May, the fifth month of our modern year, the third of the old Roman calendar. The origin of the name is disputed; the derivation from Maia, the mother of Mercury, to whom the Romans were accustomed to sacrifice on the first day of this month, is usually accepted. The ancient Romans used on May Day to go in procession to the grotto of Egeria. From the 28th of April to the 2nd of May was kept the festival in honour of Flora, goddess of flowers. By the Romans the month was regarded as unlucky for marriages, owing to the celebration on the 9th, 11th and 13th of the Lemuria, the festival of the unhappy dead. This superstition has survived to the present day.
In medieval and Tudor England, May Day was a great public holiday. All classes of the people, young and old alike, were up with the dawn, and went "a-A/laying" in the woods. Branches of trees and flowers were borne back in triumph to the towns and villages, the centre of the procession being occupied by those who shouldered the maypole, glorious with ribbons and wreaths.
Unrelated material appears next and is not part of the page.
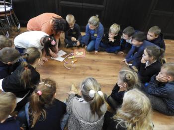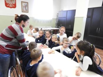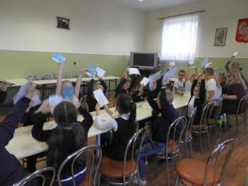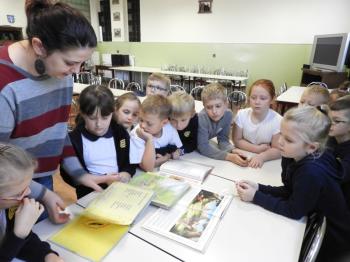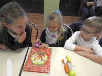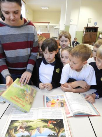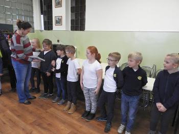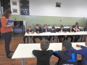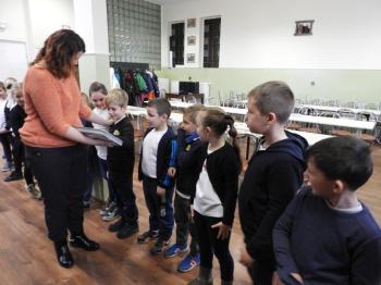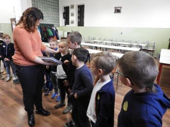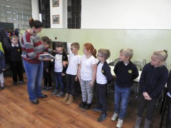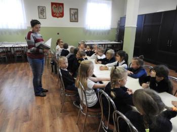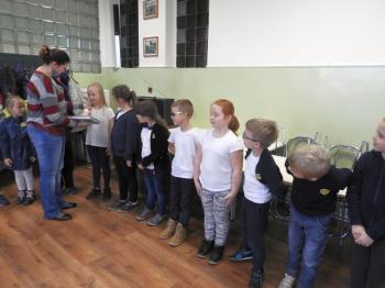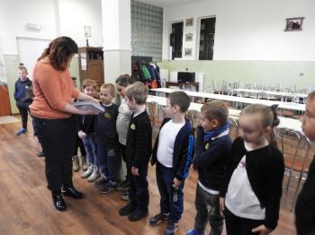 Obie klasy pierwsze grojeckiej szkoły zostały uroczyście pasowane na czytelników Biblioteki w Grojcu. Musieli najpierw przebrnąć przez poważny test wiedzy o tym, co z książką robić należy, a czego absolutnie robić nie wolno. Trzeba też było troszkę pogłówkować, aby znaleźć ukryte prośby książek do dzieci, wykazać się odrobiną wyobraźni podczas badania chorych, nieszanowanych książek, a także świetnie się bawić podczas wspólnego czytania Brzechwy.

The maypole was usually of birch, and set up for the day only; but in London and the larger towns the poles were of durable wood and permanently erected. They were special eyesores to the Puritans. John Stubbes in his Anatomy of Abuses (1583) speaks of them as those "stinckyng idols," about which the people "leape and daunce, as the heathen did." Maypoles were forbidden by the parliament in 1644, but came once more into favour at the Restoration, the last to be erected in London being that set up in 1661. This pole, which was of cedar, 134 ft. high, was set up by twelve British sailors under the personal supervision of James II., then duke of York and lord high admiral, in the Strand on or about the site of the present church of St Mary's-in-the-Strand. Taken down in 1717, it was conveyed to Wanstead Park in Essex, where it was fixed by Sir Isaac Newton as part of the support of a large telescope, presented to the Royal Society by a French astronomer.
For an account of the May Day survivals in rural England see P. H. Ditchfield, Old English Customs extant at Present Times (1897).